Standard cell potential

  1. I am using NiSO4 aqueous solution, Pt anode, Cu cathode coated with Au for Ni electroplating (at 3 V DC) on Au. Cu is not exposed to solution.
    To calculate cell potential should I consider Cu/Pt or Au/Pt. If I replace Pt with graphite, whether for same 3 V DC supply Ni plating would be possible? Your suggestion will be very useful.
  2. jcsd
  3. Borek

    Staff: Mentor

    If you are electroplating with Ni, your system is Ni(II)/Ni.

    Out of curiosity - please show what you mean by calculating cell potential with Au/Pt.
  4. I am not using Ni electrode...

  5. Borek

    Staff: Mentor

    Yes you do. You start with something else, but your reaction is Ni2+ -> Ni. Even if the first layer is deposited on something else, every next layer is deposited on the nickel electrode. There will be some small difference between the deposition of the first layer and deposition of next layers, but I doubt you will be able to observe it - try to estimate amount of nickel required to cover your Au or Pt electrode with monoatomic layer of Ni. How long does it take?
  6. Thanks...I never thought like that....

  7. But would your electrode be covered with monoatomic layer?

    You have 4 competing reactions, all under the same voltage of the whole electrode:
    1) Ni2+ -> Ni on Ni electrode, once formed
    2) H+ -> H2 on Ni electrode
    3) H+ -> H2 on whatever your base electrode is
    4) Ni2+ -> Ni on the underlying non-Ni surface, initiating new Ni crystals.

    All 4 have different kinetic barriers. And what exactly the barriers 3 and 4 are depends on what the base electrode is.

    For example, if you attempt to cover an electrode with Ni, and your electrode happens to have very low kinetic barrier for H2 production, then you could be producing hydrogen and getting no Ni deposition because of your choice of electrode.

    Furthermore I see no reason why you should succeed in electroplating. If the kinetic barrier on initiating new Ni crystals on the base electrode is high compared to kinetic barrier on depositing Ni on existing Ni surface, then you may well get a few dendrite Ni crystals on your electrode, and the rest of your base electrode uncovered and unplated.

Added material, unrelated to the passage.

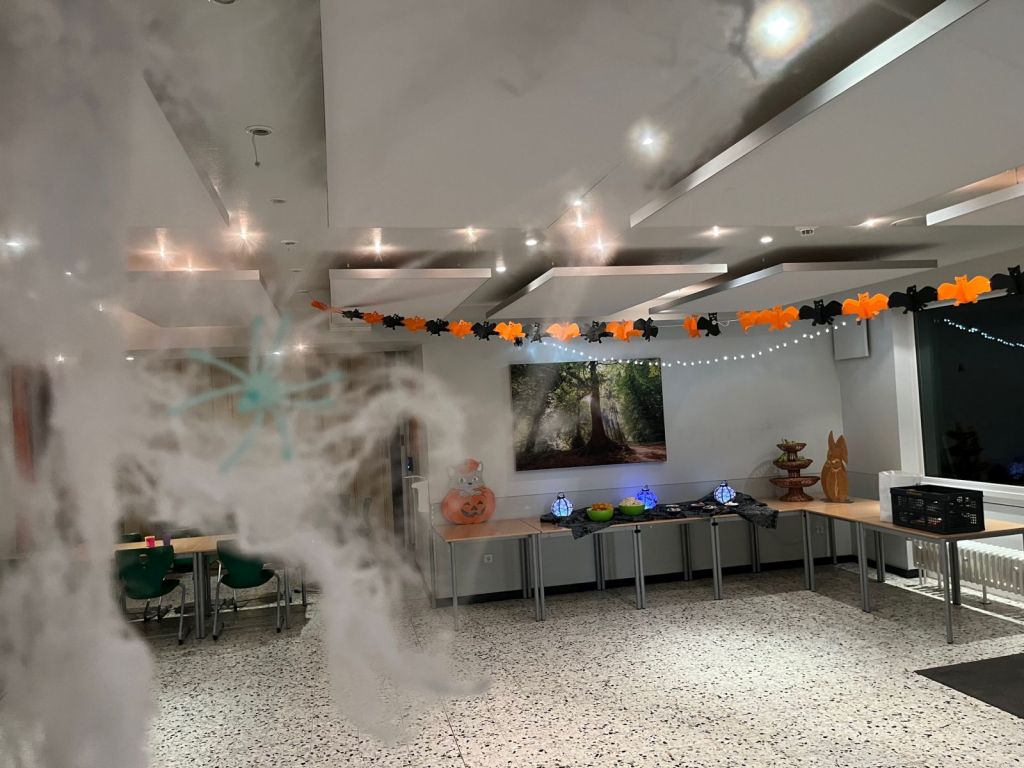 Wir haben uns am Mittwoch morgens an der Schule getroffen und sind mit zwei Bussen nach Sonsbeck gefahren. Unsere Eltern haben uns gewunken und dann gings los. Da angekommen, haben wir dann erstmal draußen gespielt. Es gab ein Trampolin, ein Fußballfeld und einen Wald. Dann sind wir auf unsere Zimmer gegangen. Tagsüber haben wir mit zwei Frauen Spiele gespielt, bei denen wir zusammenhalten mussten. Zum Beispiel mussten wir aus leeren Colakisten einen Weg bauen und keiner durfte runterfallen. Wir sind ein starkes Team geworden. Abends haben wir einmal Lagerfeuer gemacht und Spiele gespielt und einmal eine Halloweenparty gefeiert. Das war cool, weil fast alle verkleidet waren und wir viel getanzt haben. Das Essen war auch lecker. Am Freitag sind wir nach Hause gefahren.

    So... what is necessary to get a successful electroplated monoatomic Ni cover instead of H2 or a few Ni dendrite crystals?
  8. Borek

    Staff: Mentor

    I took the question at face value - and as it asked about Ni electroplating on gold, I assumed OP uses a recipe for Ni electroplating on gold. Such recipes are designed to ensure Ni deposition and to eliminate competing reactions. You are right system can be much more complicated and it doesn't have to yield a monoatomic Ni as a first phase, but once you have enough Ni (even as dendrites) and no competing reactions, potential is still defined by the Ni(II)/Ni. Monoatomic Ni was intended rather as an example of how fast the situation can change, not as a description of what really happens, perhaps I should be more clear about it.

    As far as I know it depends on the electrode material. I have a gut feeling Ni will deposit nicely on Au, but that's just an intuition.

    What I do know is that often the best recipe for electroplating with Ni is to first electroplate with a thin copper layer (which is relatively easy on most metals), and then to proceed with nickel electroplating. Trying to deposit nickel directly - especially on steel/iron - is a serious PITA. OP clearly stated that while the copper is present, it is below gold and not exposed, so we are dealing with Ni on Au.